O que o mundo multimídia traz de desafios para a publicidade? Como você se sente?
Eu me sinto em casa. Acho que é exatamente isso que tem que acontece. E não é isso mais isso mais aquilo. Não, o que você tem que dar é esse menu de escolhas ao anunciante. Você tem uma visão de 360 graus, mas na realidade, ela é uma visão de cinco, dez graus, quinze, para você ter vários instrumentos e saber o que indicar. Não é tudo, é um mundo de escolhas e eu me sinto em casa. E eu não estaria em casa se eu tivesse vindo todos esses anos ao festival. Eu fiz o meu dever de casa, eu foquei, eu fui construir um grupo e se esse troço é about storytelling, antes de começar a telling, eu fui construir a story.

Coincidentemente com o Cannes Lions 2012, está acontecendo a Rio+20 e o Grupo ABC trouxe ao festival o presidente Bill Clinton para falar sobre como a publicidade pode ajudar o mundo. E na sua opinião, como a publicidade pode ajudar o mundo?
No momento em que acontece a Rio+20, a plataforma da Unesco diz que o mundo tem de mudar o seu padrão de consumo. Ora, quem pode mudar o padrão de consumo do mundo são aqueles que construíram, como a indústria, a sociedade de consumo, que é a Madison Avenue. O que temos de fazer é que as pessoas consumam de uma nova maneira e que consumam novas coisas. Ao invés de gastar dinheiro com cigarro, você vai gastar com forma física, gastar com ioga, isso é manter padrões de consumo porque o padrão de consumo é saudável, gera emprego, faz a economia rodar, mas rodar com coisas boas e não fazer as pessoas se entupirem de gordura. Não é construir uma sociedade deprimida e sim uma sociedade em que as pessoas usam o dinheiro para o seu bem-estar e não para a sua destruição.

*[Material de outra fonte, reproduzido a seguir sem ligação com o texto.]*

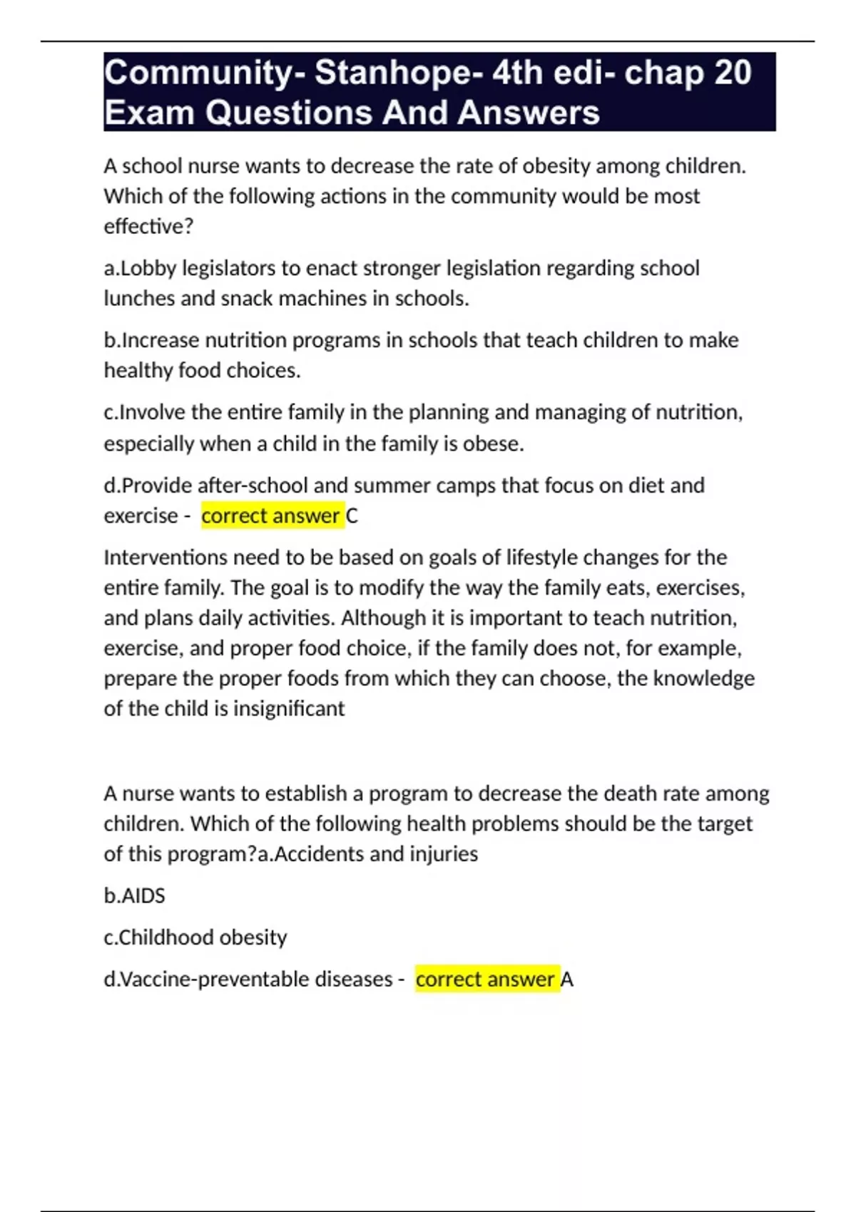 Community- Stanhope- 4th edi- chap 20 Exam Questions And Answers

Que exemplos você daria de publicidade colaborando para um mundo melhor?
Acho que o uso dos carros nas grandes cidades deve ser repensado tanto pelo governo quanto pelas pessoas. A solução a gente não consegue ver de imediato. No futuro, acho que carro será alugado, não será uma propriedade, mas isso é na base do achismo. Mas, são novas formas de viver. As pessoas vão estar mais inclinadas a andar de bicicleta, a caminhar. Hoje, mesmo em pequenas distâncias, as pessoas usam seus carros e não há a menor possibilidade, seja do ponto de vista do uso do petróleo ou das outras fontes alternativas de energia, de conduzir a vida assim. Nós vamos encontrar novas formas de viver, o que não é nenhuma coisa assustadora. Faz parte da história do mundo a sociedade mudar.

Mas, você daria algum exemplo de cases que tenham ajudado a publicidade a melhorar o mundo?
Nike é, sem sombra de dúvida, uma empresa que melhorou as pessoas, lançando altos padrões com foco na consciência no bem estar físico. Apple a mesma coisa. São empresas que influenciaram solidamente o comportamento.